In this morning's (Sep 24) Chicago Tribune was an article about a school that began its life as a Jewish school and is now a Muslim school and, more importantly, how former parents and teachers of the Jewish school welcomed the students and educators of the Muslim school.

Any familiar with Chicago neighborhoods know that Skokie was for years a predominantly Jewish enclave. As is the case with so many neighborhoods, demographics changed. The Muslim community outgrew its own school and needed a second one.

Potential drama? Absolutely. Risk of rejection, even violence? In the times of these particular troubles? No doubt. But that's not what happened. And this is what else I "heard" as I read this story. First, the students and teachers at the school greeted their guests with the words Salaam aleikum, which means "Greetings of peace and peace be upon you."

I also learned about tikkum olam, a phrase that means "repairing the world" or "healing the world." It isn't, of course, that simple. As I started reading about it, recognizing the way rabbinical commentaries work, I realized I could spend hours tracking down the phrase. But most seem to agree that it carries a message of social justice and action. Of being able to ask, "What have I done today to repair the world?"

This reminded me of the Autobiography of Benjamin Franklin. In Chapter IX, Franklin articulates his "Plan for Attaining Moral Perfection." Not a bad goal, that, and most of what prescribes himself could be attainable if we didn't insist on having our personal and political agendas, if we really did want to try to abide by the Golden Rule. But we are selfish creatures, so we struggle with being consistently thoughtful of others. Yes, Franklin struggled in his habitude of his virtues, and with good reason. Even so, as I thought about Franklin and I considered tikkum olam, I remembered that Franklin also wrote he would ask two questions of himself each day. In the morning he would ask, "What good shall I do today?" and at the end of the day, as part of his self-reflection, he would ask, "What good have I done today?".

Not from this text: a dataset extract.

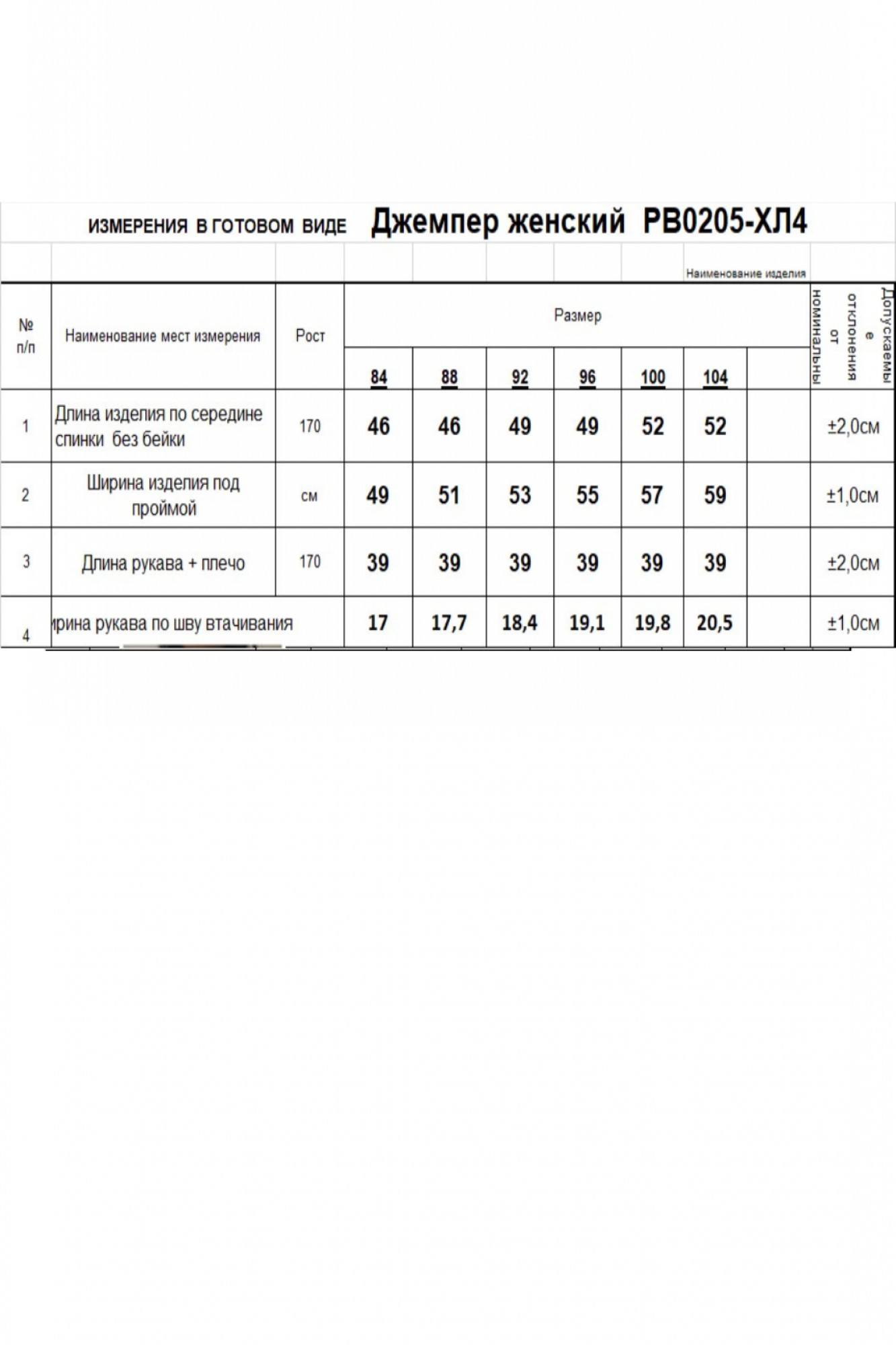 Таблица размеров

And the thinking isn't for a whole year, but just one day at a time. Which is all we can really hope to try to manage. Even if this is not your New Year, there's no reason you can't start thinking in terms of the good you can bring to the world. Oh, I know it's naive to think that simply asking people to truly strive to be kind and do righteous deeds is going to change the world. I know that the word "righteous" means different things to different people of different faiths, and that's partially because we're so busy insisting on our own religious agendas, and I'm a bit suspicious of many of them being linked to any actual theology ascribed by one's faith rather than some hodge podge of selected verses that satisfy someone's need for superiority.

Even so, perhaps it wouldn't hurt if each of us took a challenge to ask these questions each morning and each evening. And let's just see.
     What will I do today to repair the world, to be kinder and more thoughtful, to do well by doing good?     What have I done today to repair the world, to be kinder and more thoughtful, to do well by being good?

Find someone who will hold you accountable and try this for a week. Then try it for another week. Then try it for another two weeks and before you know it you will have been thinking about being kind and doing well by doing good for a month.